- _INPUT RECORDS_
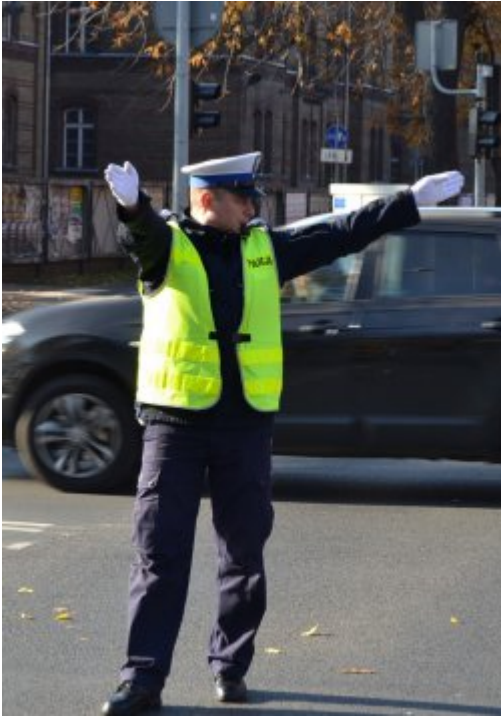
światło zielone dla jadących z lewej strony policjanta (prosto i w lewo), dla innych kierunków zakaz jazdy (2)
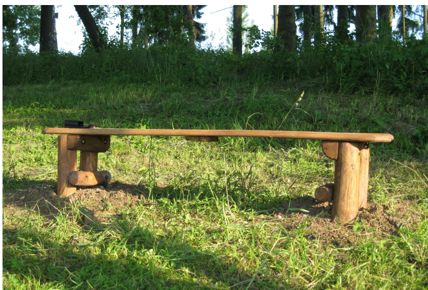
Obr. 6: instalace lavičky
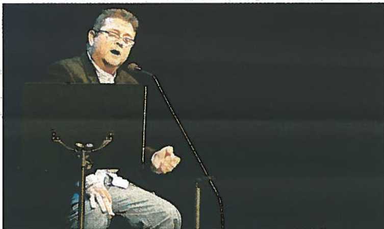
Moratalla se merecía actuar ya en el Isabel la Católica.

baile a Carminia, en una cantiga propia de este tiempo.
--
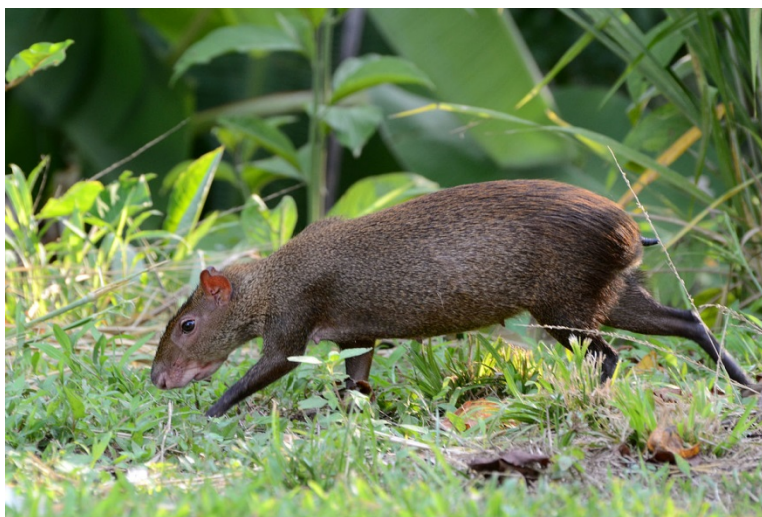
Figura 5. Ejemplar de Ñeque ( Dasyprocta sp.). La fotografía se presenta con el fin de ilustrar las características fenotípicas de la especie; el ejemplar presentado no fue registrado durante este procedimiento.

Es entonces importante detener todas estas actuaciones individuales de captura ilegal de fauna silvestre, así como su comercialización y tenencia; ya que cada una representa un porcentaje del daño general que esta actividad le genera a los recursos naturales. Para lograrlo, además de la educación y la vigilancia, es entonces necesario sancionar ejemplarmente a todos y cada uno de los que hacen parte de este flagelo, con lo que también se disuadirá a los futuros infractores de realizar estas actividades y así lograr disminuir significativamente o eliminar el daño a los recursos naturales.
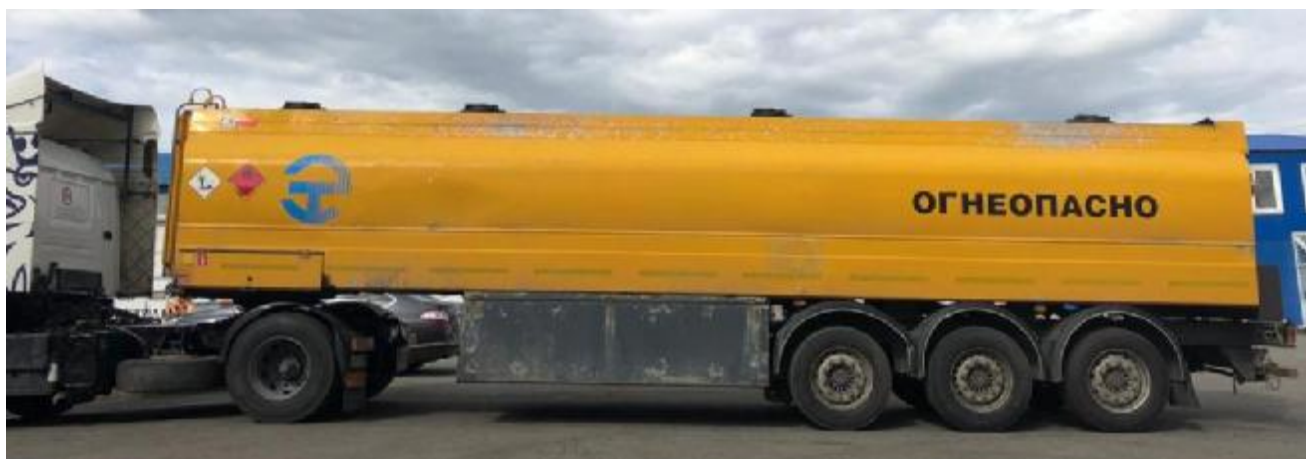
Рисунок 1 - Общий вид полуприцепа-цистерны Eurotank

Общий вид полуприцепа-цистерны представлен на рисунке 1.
---
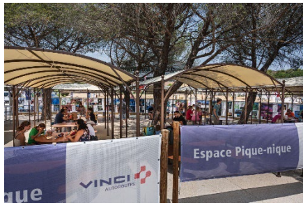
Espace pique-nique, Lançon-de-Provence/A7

- _WORK INSTRUCTIONS_
Give back exactly, and solely, the section of the data above bounded by the line containing "światło zielone dla" and the line containing "baile a Carminia, en", both bounding lines included and pictures omitted.

- _YOUR SOLUTION_
światło zielone dla jadących z lewej strony policjanta (prosto i w lewo), dla innych kierunków zakaz jazdy (2)
Obr. 6: instalace lavičky
Moratalla se merecía actuar ya en el Isabel la Católica.

baile a Carminia, en una cantiga propia de este tiempo.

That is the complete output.